**GIVEN DATA**
▬▬▬▬▬▬

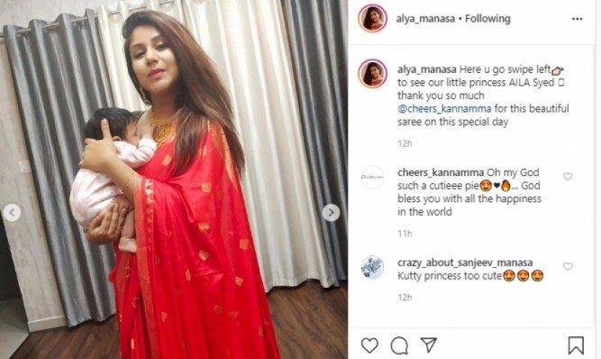 ராஜா ராணி புகழ் ஆல்யா புடவையில் குழந்தையை தூக்கி கொண்டு புகைப்படம் எடுத்து வெளியிட்டுள்ளார்.
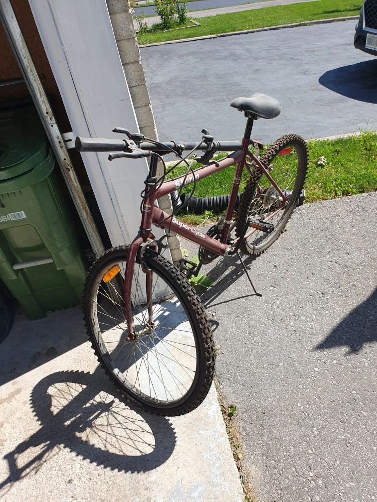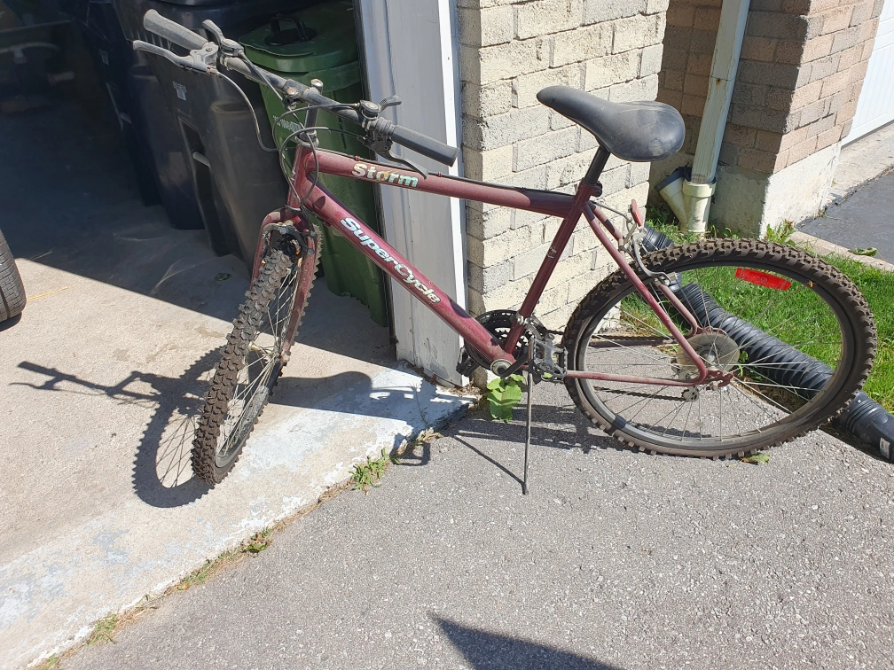Selling a Supercycle Storm mountain bike. It's a bit dusty but still in good working condition! Great for trails or just getting around town. It's been sitting in the garage for a while so there is some rusting and the tires need some air but it's a good bike once cleaned up.
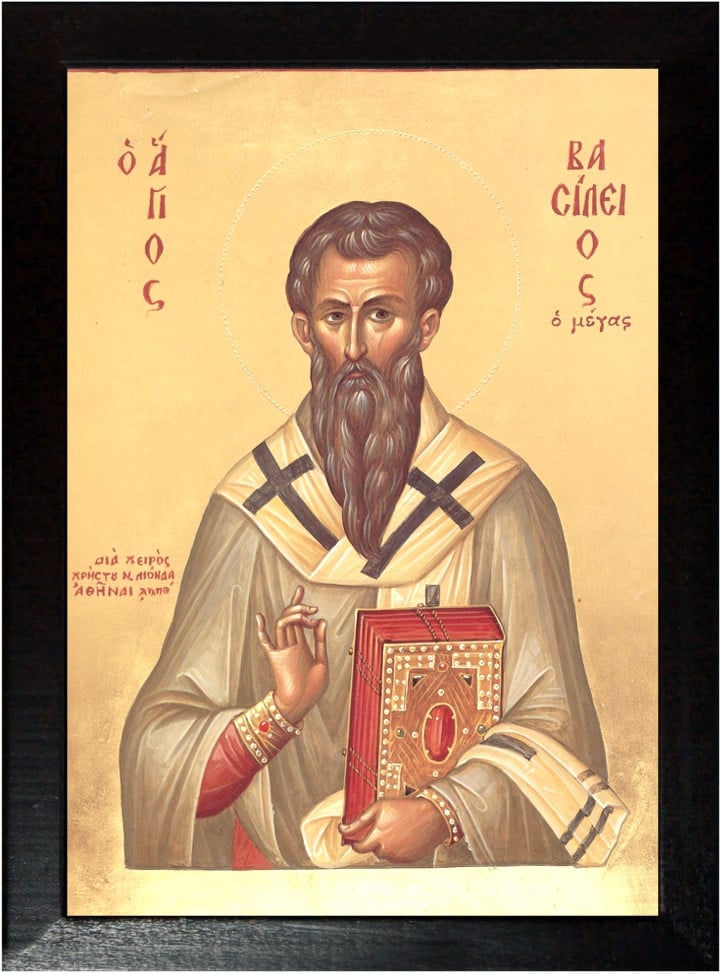 Sfantul Vasile a fost “un om foarte inalt la stat si drept ca o faclie, uscativ si slabit de ajunare si de veghere, oaches la fata, dar obrazul ingalbenit, nasul lunguiet, sprancenele cercuite si plecate, asemenea omului ganditor, fruntea incretita, umerii obrajilor iesiti, tamplele adancite, cam plesuv la par, cu barba destul de lunga, carunta pe jumatate”.
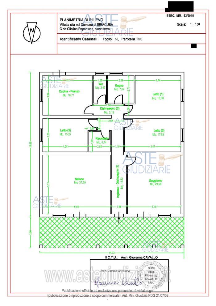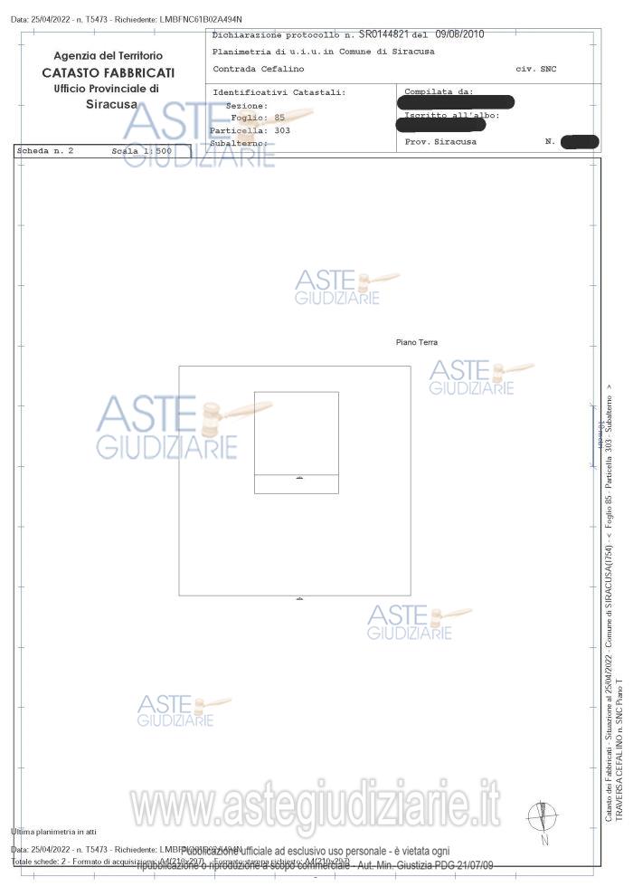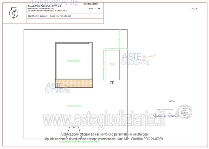 Vendita all'asta Senza incanto, con gara telematica sincrona mista - LOTTO 2:  Piena ed intera proprietà del villino unifamiliare, con annesso terreno di pertinenza di mq. 1619, in Siracusa, Contrada Cifalino-Papeo, via S. Pio da Petralcina s.n. (località Tivoli), in N.C.E.U. al foglio 85, p.lla 303, cat. A/7, cl. 3, vani 8, superficie catastale totale mq 222-totale escluse aree scoperte mq 192, R.C. € 1.053,57, Traversa Cefalino snc piano T, superficie utile mq. 169,90, superficie commerciale mq. 250,66, Classe Energetica “F”. Prezzo base € 87.662,54 (offerta minima € 65.746,90). Data vendita 11/12/2025 ore 11:00. Giudice Dott. Maria Cristina Di Stazio. Professionista delegato alla vendita Avv. Paolo Munafò - Email "avv.paolomunafo@mbcg.it"; Cell. 3387429274; Tel. 09311562510. Custode Giudiziario Avv. Paolo Munafò - Email "avv.paolomunafo@mbcg.it"; Cell. 3387429274; Tel. 09311562510.  Rif. Tribunale di Siracusa - Esecuzione immobiliare post legge 80 n. 62/2015

▬▬▬▬▬▬

**WORK TO BE COMPLETED**
Above this task is a listing with pictures in it. Retype only the lines from the one containing "Selling a Supercycle" through the one containing "Sfantul Vasile a", both included, and not the pictures.

**YOUR RESPONSE**
Selling a Supercycle Storm mountain bike. It's a bit dusty but still in good working condition! Great for trails or just getting around town. It's been sitting in the garage for a while so there is some rusting and the tires need some air but it's a good bike once cleaned up.
 Sfantul Vasile a fost “un om foarte inalt la stat si drept ca o faclie, uscativ si slabit de ajunare si de veghere, oaches la fata, dar obrazul ingalbenit, nasul lunguiet, sprancenele cercuite si plecate, asemenea omului ganditor, fruntea incretita, umerii obrajilor iesiti, tamplele adancite, cam plesuv la par, cu barba destul de lunga, carunta pe jumatate”.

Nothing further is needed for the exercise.